The population of old overseas Chinese continued to decrease; by 2008, just twenty remained in Dar es Salaam, including a Meixian Hakka couple from South Africa who ran a Chinese restaurant, and a number of Burmese Chinese who traced their roots to the Taishan and Kaiping counties of Guangdong. However, their numbers were bolstered by the arrival of new expatriate businessmen and entrepreneurs beginning in the 1990s.

==Numbers==
In 2000, statistics of Tanzania's Immigration Department showed that they had issued work or residence permits to just 239 Chinese nationals, making them one of the smaller groups of foreigners in the country. However, China's official Xinhua News Agency reported in 2008 that 10,000 Chinese people live in the country.
In January 2013, the Chinese Ambassador to Tanzania was quoted saying that there were more than 30,000 Chinese people living in Tanzania.

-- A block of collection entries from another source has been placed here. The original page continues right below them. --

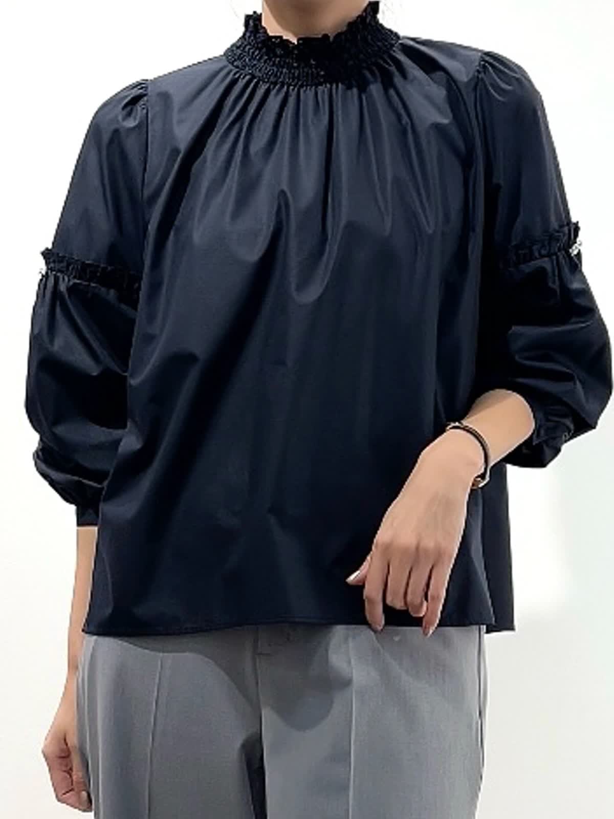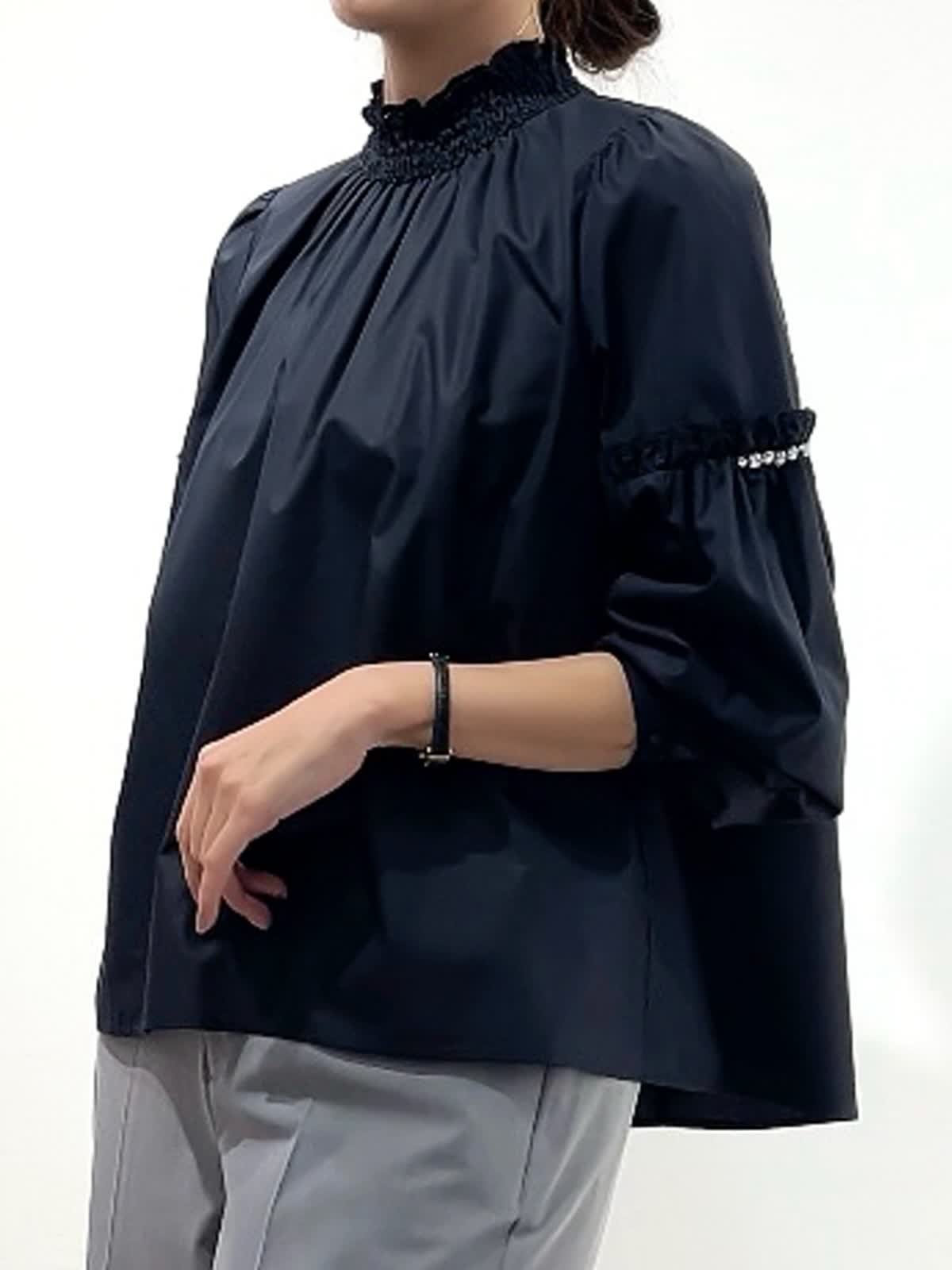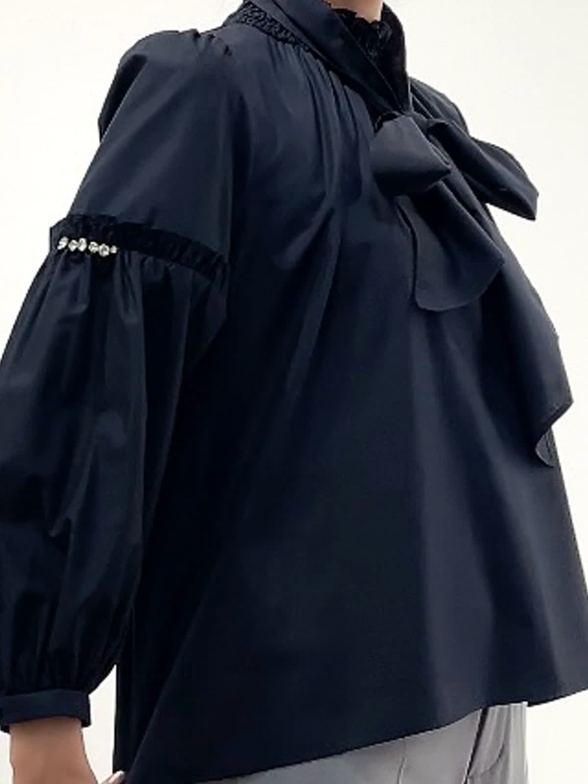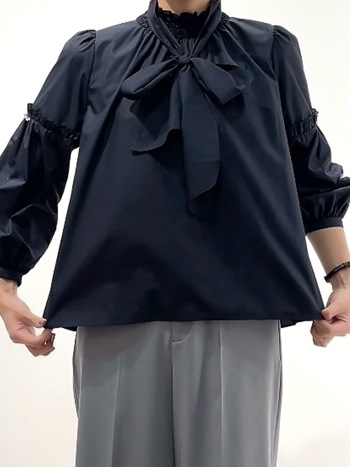 【着用サイズ】カーディガン:9号 ブラウス:9号 パンツ:9号 【着用カラー】カーディガン:ネイビー ブラウス:ネイビー パンツ:ミディアムグレー バッグ:ブラック 「クラシカルエレガントコーデ」 ラメニットカーディガンとボウタイブラウスの上品コンビの組み合わせで、華やかさが際立つクラシカルスタイル。 カーディガンは、ざっくりとした編み地で華やかなグリッターやラメ糸がポイント。柔らかい素材感で軽く羽織れるデザインなので、季節の変わり目にも大活躍。ネイビー×グレーの配色で、お仕事や綺麗めにも映えるおすすめスタイルです。
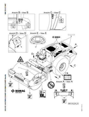 Download Complete Parts Catalogue Manual For Bomag BW 212 DH-5 Earth & Sanitary Landfill Construction | Serial Number - 00824727 | Pub. - 101586131001 -> 101586139999
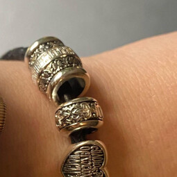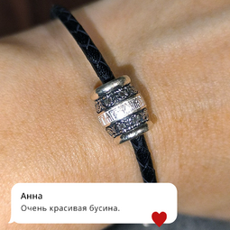 Серебряная бусина с молитвой на черненом корпусе. Молитва взята из 26 псалма. Она считается одной из самых сильных защитных молитв от любого проявления зла, от жизненных проблем и от проблем со здоровьем.
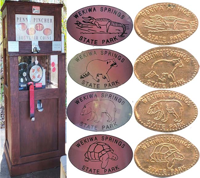 The machine is located under the roof of the nature center, at the top of the hill, overlooking the headland of the spring. All have 'Wekiwa Springs State Park' on them. Designs are:
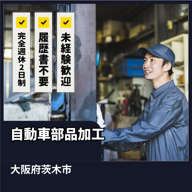 給与詳細 月収例 276,900円 日給例 11,360円 勤務地 大阪府茨木市 仕事内容 製品を機械にセットしてプレスや溶接をする機械オペレーター、検査・バリ取り・部品の運搬等
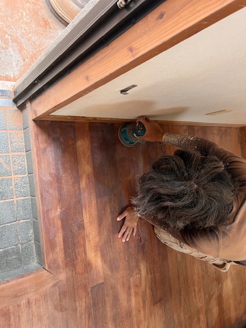 まず、塗装の前にポリッシャーや電動工具などを使って既存のニスを研磨で削っていきます。
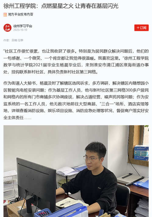 10月10日,学习强国平台以“乐竞官方网站:点燃星星之火 让青春在基层闪光”为题,报道我校数统学院扎实推进毕业生服务基层工作。
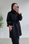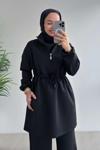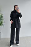 Ka Hijab Kuşak Detay Dökümlü İkili Takım - Siyah
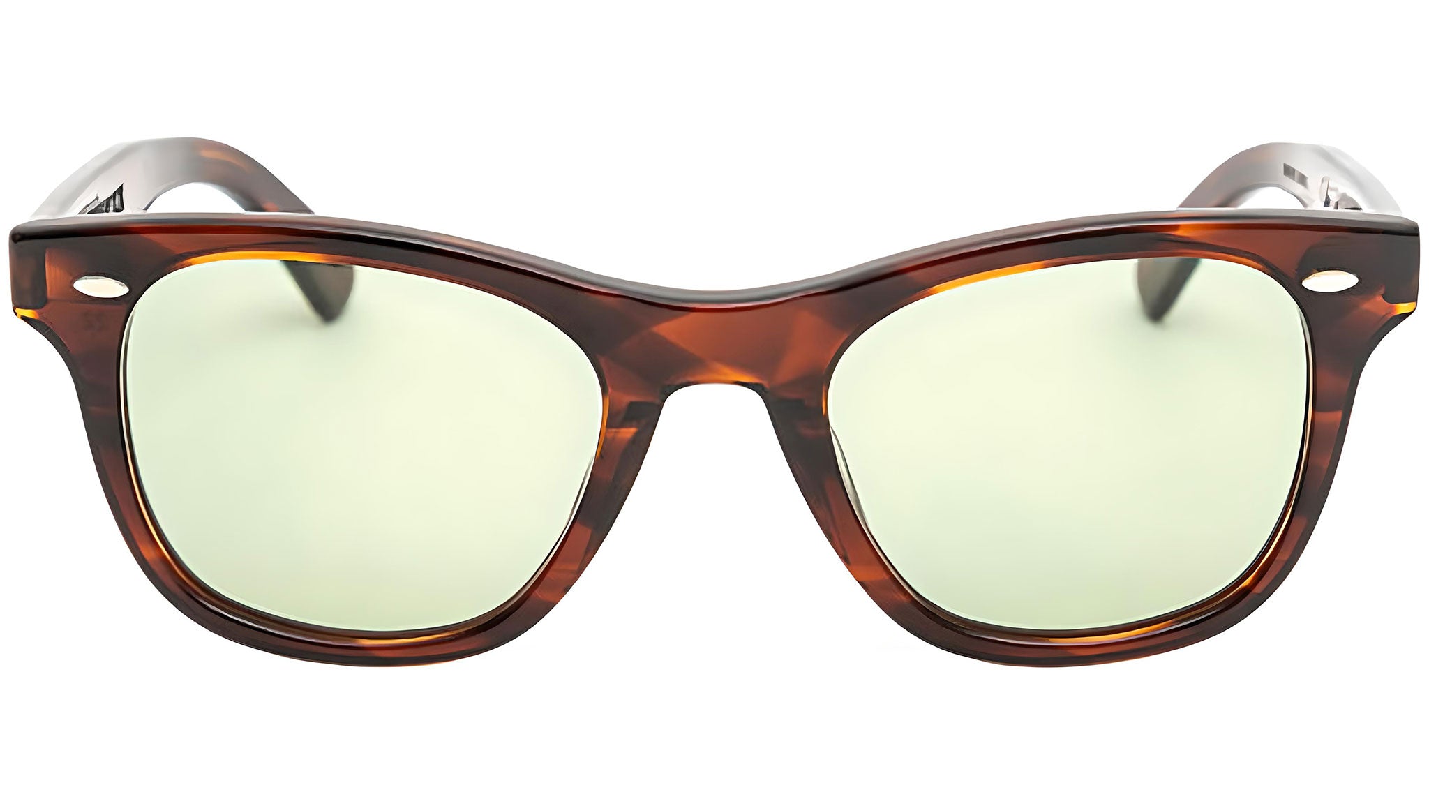 The Julius Tart Seafare sunglasses are distinguished by their crafted curves and smooth, polished finish. They feature a square-shaped frame made from black acetate and are equipped with green lenses. The design includes a gently sloped bridge and wide arms with oval temple accents, adding architectural depth to their timeless appearance. These sunglasses come in various colors including Black, Black Fade, Brown Crystal, Grey Crystal, Light Tortoise, Tortoise, Champagne, and Demi Amber, with dimensions of 51mm lens width, 22mm bridge width, and 145mm temple length. Each pair is delivered with official Julius Tart Optical packaging, a certificate of authenticity and warranty.

==Business and employment==
The new wave of Chinese expatriates in the 1990s initially came to Tanzania with the intention of working in more typical industries, such as construction, textiles, or food products. However, the World Health Organization's push for privatisation of health care in Tanzania provided unexpected business opportunities to them; despite the fact that most lacked any medical training, they began setting up traditional Chinese medicine clinics, the first of which was established in 1996. Qualified practitioners came later, but in the early 2000s, the majority were still learning on the job.